* **Given records**:
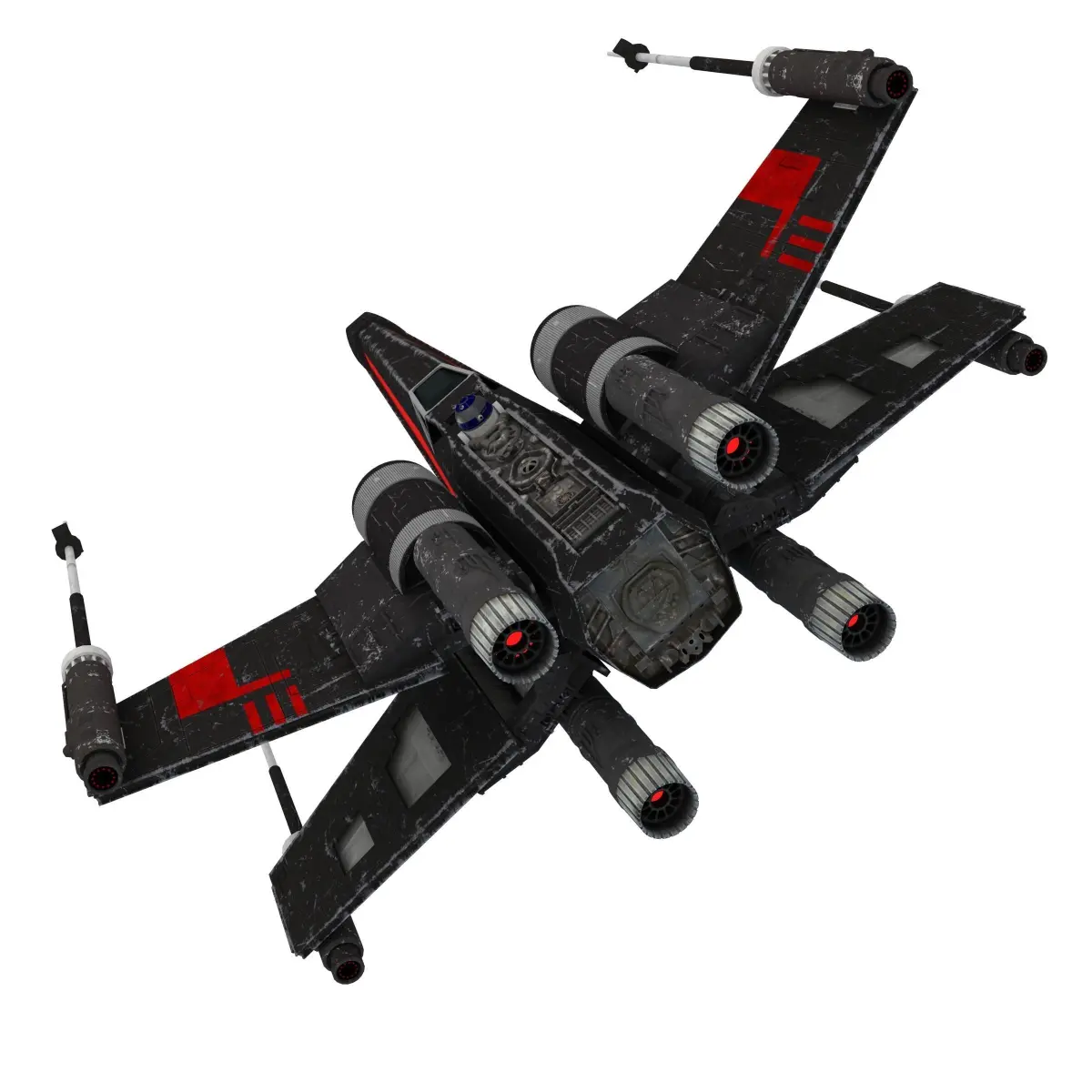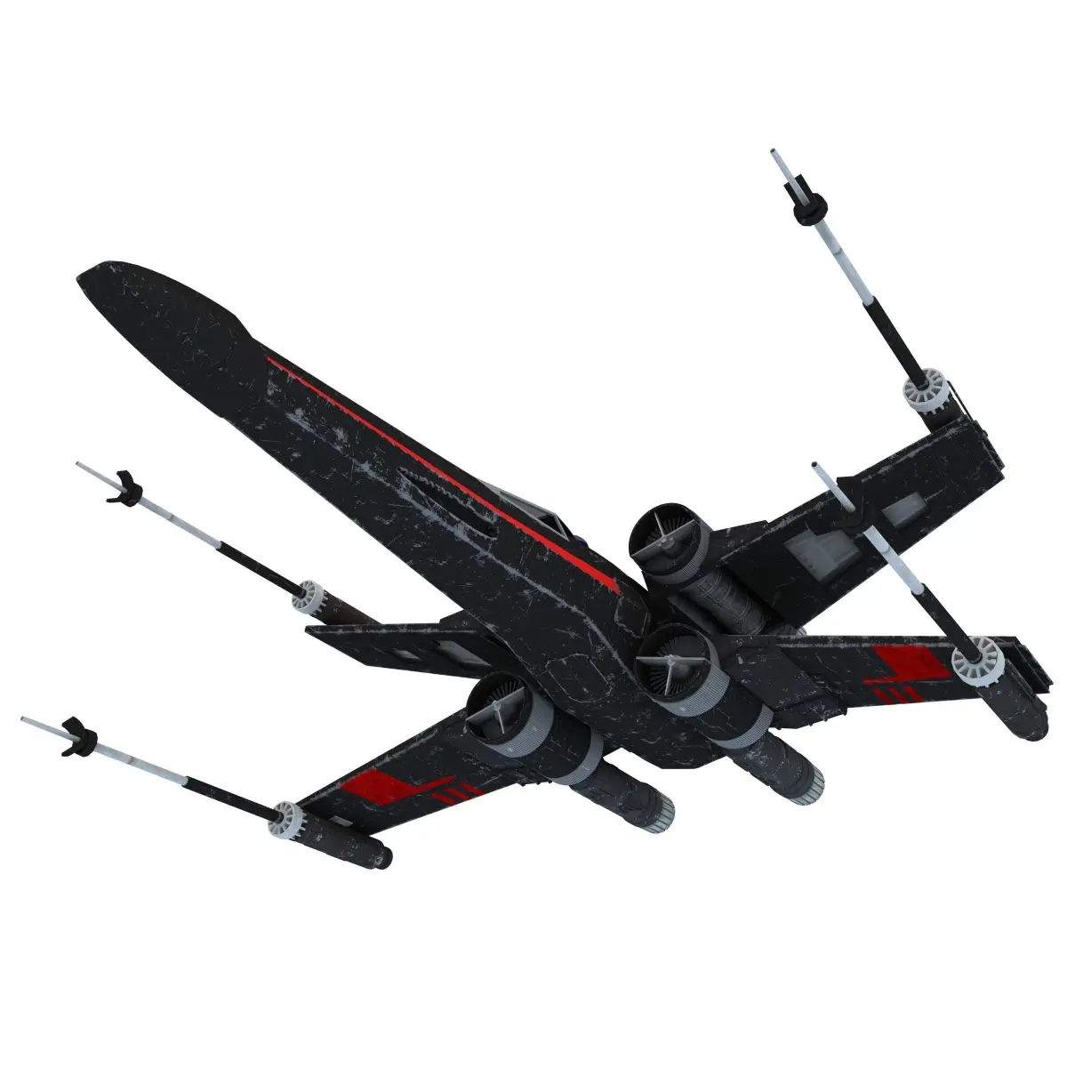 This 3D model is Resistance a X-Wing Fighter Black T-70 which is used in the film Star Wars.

==

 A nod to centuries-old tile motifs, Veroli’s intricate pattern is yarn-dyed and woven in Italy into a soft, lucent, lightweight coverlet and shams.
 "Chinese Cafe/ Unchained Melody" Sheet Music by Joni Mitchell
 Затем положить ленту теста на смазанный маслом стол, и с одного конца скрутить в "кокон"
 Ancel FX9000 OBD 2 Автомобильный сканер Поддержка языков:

==

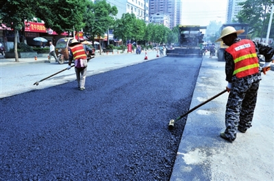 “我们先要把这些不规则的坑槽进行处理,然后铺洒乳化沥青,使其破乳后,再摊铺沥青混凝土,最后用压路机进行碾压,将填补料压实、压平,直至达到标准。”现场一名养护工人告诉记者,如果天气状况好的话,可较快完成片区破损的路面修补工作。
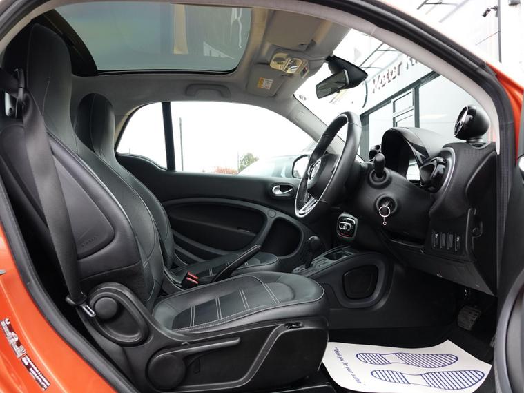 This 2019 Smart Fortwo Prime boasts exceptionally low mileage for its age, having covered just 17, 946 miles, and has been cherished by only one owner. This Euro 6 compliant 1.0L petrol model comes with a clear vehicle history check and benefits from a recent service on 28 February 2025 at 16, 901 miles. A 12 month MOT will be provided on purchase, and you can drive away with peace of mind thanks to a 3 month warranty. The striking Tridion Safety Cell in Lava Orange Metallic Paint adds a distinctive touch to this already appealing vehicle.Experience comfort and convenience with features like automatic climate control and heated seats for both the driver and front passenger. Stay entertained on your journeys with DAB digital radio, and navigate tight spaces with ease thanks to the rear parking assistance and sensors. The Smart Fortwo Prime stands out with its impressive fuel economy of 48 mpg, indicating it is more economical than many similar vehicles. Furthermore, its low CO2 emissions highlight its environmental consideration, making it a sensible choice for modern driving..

* **Exercise instructions**:
Taking the entries above, write out exactly the lines starting with the line containing "A nod to centuries-old" and going on through the line containing "Ancel FX9000 OBD", both included, and nothing else.

* **Solution**:
 A nod to centuries-old tile motifs, Veroli’s intricate pattern is yarn-dyed and woven in Italy into a soft, lucent, lightweight coverlet and shams.
 "Chinese Cafe/ Unchained Melody" Sheet Music by Joni Mitchell
 Затем положить ленту теста на смазанный маслом стол, и с одного конца скрутить в "кокон"
 Ancel FX9000 OBD 2 Автомобильный сканер Поддержка языков:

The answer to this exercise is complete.